### WORK TO COMPLETE:
Your answer must hold only the lines below from the line containing "Овој преслаток сет" through the line containing "The other big", each reproduced exactly.

### EXTRACTED INFORMATION:
━━━━

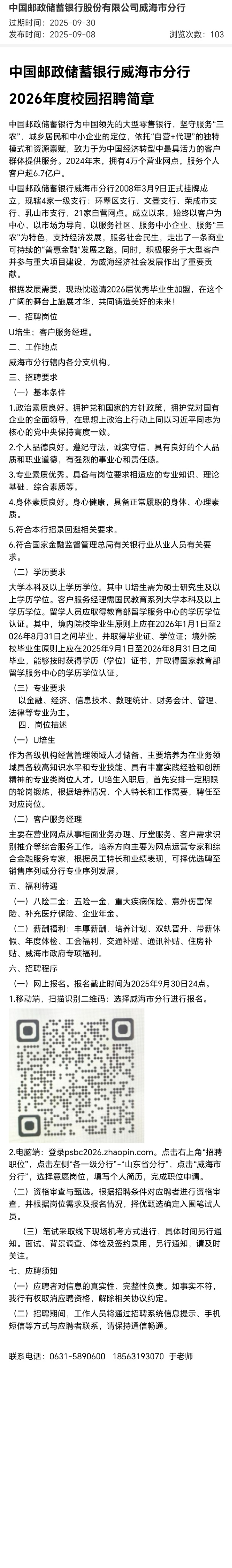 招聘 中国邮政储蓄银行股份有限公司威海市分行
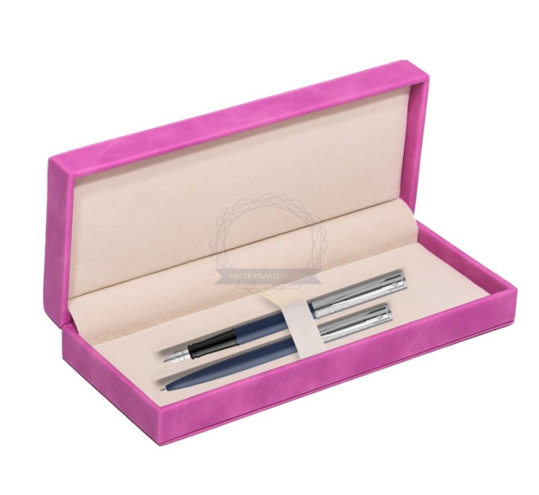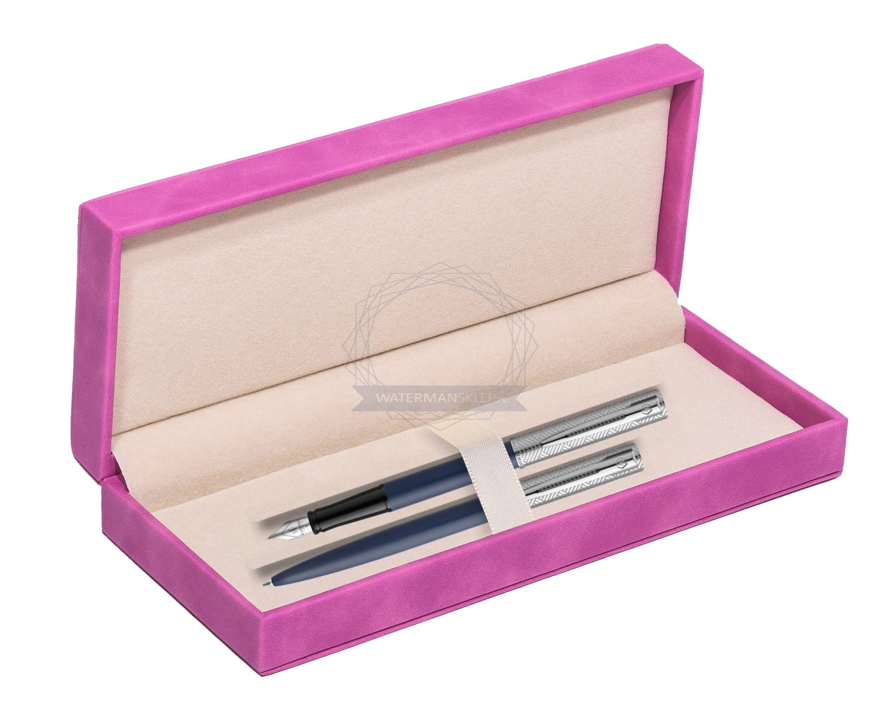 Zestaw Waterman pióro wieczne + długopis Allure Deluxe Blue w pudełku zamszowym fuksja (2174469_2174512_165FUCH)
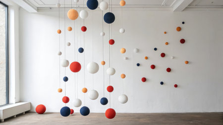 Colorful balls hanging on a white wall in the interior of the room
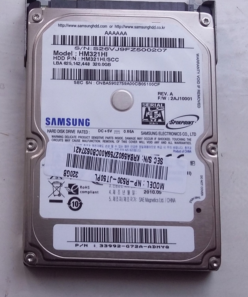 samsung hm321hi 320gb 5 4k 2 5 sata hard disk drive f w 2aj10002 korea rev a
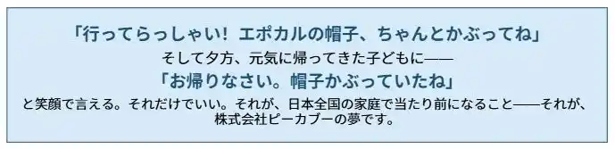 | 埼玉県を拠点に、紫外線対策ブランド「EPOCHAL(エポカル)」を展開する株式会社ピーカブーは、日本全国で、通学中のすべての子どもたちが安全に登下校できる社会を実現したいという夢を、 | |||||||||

━━━━

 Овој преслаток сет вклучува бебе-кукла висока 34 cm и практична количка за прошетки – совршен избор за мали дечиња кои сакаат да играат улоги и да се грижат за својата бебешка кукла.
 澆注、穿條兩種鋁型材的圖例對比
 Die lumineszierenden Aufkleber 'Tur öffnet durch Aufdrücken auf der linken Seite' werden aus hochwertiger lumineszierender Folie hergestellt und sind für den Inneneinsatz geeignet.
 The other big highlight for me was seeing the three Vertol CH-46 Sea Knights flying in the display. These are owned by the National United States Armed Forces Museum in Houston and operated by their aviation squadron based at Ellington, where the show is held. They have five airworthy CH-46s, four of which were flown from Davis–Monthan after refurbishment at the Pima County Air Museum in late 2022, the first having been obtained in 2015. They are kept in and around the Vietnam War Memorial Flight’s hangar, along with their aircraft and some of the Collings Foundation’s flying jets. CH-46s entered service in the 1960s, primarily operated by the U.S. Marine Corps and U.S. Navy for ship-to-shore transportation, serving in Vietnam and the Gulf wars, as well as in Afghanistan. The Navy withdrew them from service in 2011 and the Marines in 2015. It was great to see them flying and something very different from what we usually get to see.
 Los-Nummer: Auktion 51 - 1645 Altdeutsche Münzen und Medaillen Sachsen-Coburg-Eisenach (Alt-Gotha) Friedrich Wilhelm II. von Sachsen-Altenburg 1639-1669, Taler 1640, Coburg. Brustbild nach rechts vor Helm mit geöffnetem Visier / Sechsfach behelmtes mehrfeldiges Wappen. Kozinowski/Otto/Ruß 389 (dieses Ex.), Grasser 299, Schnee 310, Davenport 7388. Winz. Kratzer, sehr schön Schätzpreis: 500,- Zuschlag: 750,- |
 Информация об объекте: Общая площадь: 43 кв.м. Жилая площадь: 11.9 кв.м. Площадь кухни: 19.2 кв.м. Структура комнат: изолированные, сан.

━━━━

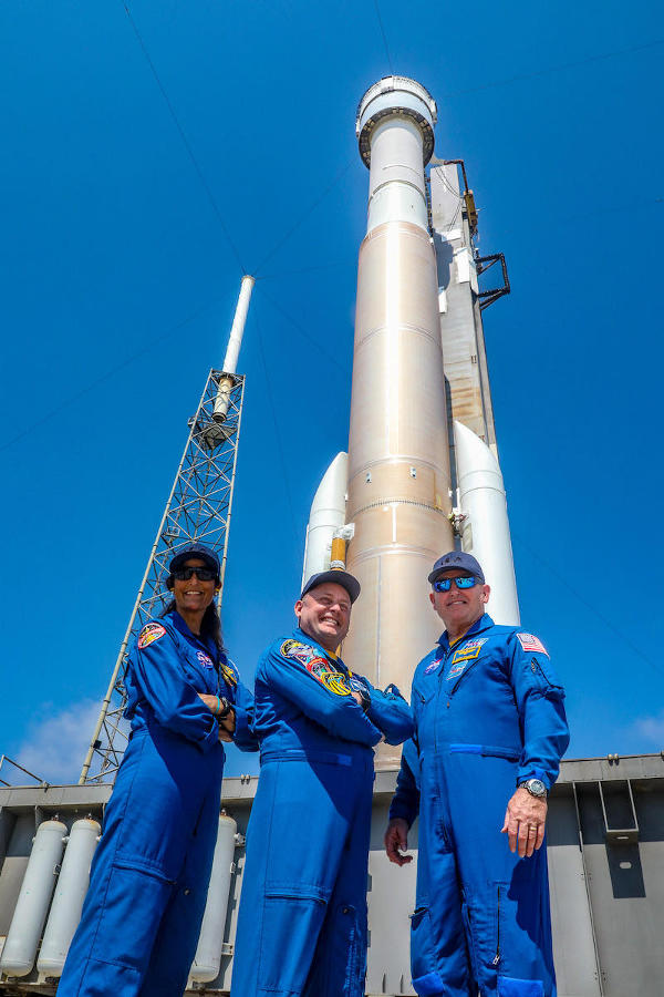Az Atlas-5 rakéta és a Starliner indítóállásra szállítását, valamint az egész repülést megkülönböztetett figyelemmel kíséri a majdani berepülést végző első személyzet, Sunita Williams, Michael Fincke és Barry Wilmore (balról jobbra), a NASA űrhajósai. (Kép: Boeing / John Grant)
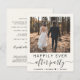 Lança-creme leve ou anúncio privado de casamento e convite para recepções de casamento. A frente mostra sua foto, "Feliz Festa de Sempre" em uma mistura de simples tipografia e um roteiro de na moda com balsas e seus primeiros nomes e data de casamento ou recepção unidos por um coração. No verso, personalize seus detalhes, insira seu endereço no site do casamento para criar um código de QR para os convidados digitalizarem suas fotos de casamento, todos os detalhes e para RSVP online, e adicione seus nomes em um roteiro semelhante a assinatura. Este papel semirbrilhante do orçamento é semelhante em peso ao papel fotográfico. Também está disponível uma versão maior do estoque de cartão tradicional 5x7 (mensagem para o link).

━━━━

### EXERCISE ANSWER:
 Овој преслаток сет вклучува бебе-кукла висока 34 cm и практична количка за прошетки – совршен избор за мали дечиња кои сакаат да играат улоги и да се грижат за својата бебешка кукла.
 澆注、穿條兩種鋁型材的圖例對比
 Die lumineszierenden Aufkleber 'Tur öffnet durch Aufdrücken auf der linken Seite' werden aus hochwertiger lumineszierender Folie hergestellt und sind für den Inneneinsatz geeignet.
 The other big highlight for me was seeing the three Vertol CH-46 Sea Knights flying in the display. These are owned by the National United States Armed Forces Museum in Houston and operated by their aviation squadron based at Ellington, where the show is held. They have five airworthy CH-46s, four of which were flown from Davis–Monthan after refurbishment at the Pima County Air Museum in late 2022, the first having been obtained in 2015. They are kept in and around the Vietnam War Memorial Flight’s hangar, along with their aircraft and some of the Collings Foundation’s flying jets. CH-46s entered service in the 1960s, primarily operated by the U.S. Marine Corps and U.S. Navy for ship-to-shore transportation, serving in Vietnam and the Gulf wars, as well as in Afghanistan. The Navy withdrew them from service in 2011 and the Marines in 2015. It was great to see them flying and something very different from what we usually get to see.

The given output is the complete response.